Looking now at that card, kept because she couldn't bring herself to get rid of it, she wanted that day back. She wanted that time in her life back, where she'd had a husband, two Step-children who against all odds had cared for her in some way, and the ability to actually go a few hours without shaking from withdrawal. This year she had none of that, and even the thought of throwing her drink, made her instinctively reach for more. She supposed she should make some declaration; some promise to herself to ensure that next year was different. But she knew she wouldn't keep to it even if she did. She was too far gone to change now, and she did have a pretty good life. So what if one day of the year she was miserable, if the rest of the 364 days she got to shop as much as she wanted, and buy whatever she didn't already have. I would be nice for the day to be acknowledged, although, the last time the 'gang' had celebrated her birthday, it had ended with the unwelcome return of her Mother, so maybe she was better off ignoring the day after all.
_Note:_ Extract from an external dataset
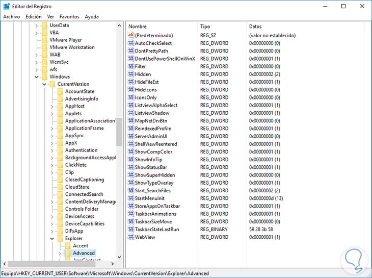 2. Quitar vista previa barra de tareas Windows 10 desde Editor de Registro

The card placed once more in the secret draw in her dressing table, she dressed for the day, holding her head high; at least without a birthday she couldn't age. The slamming open of her bedroom door, made her turn sharply in her place, angry at the disturbance even as she took in Rosario's shocked expression. Before she was able to shout out, two more people entered the room, silencing her instantly.
'Miss Karen, Miss Olivia and Master Mason have just arrived. They wish to invite you to a birthday lunch.'
Like she'd said; this had to be the best birthday she'd had since she was seven.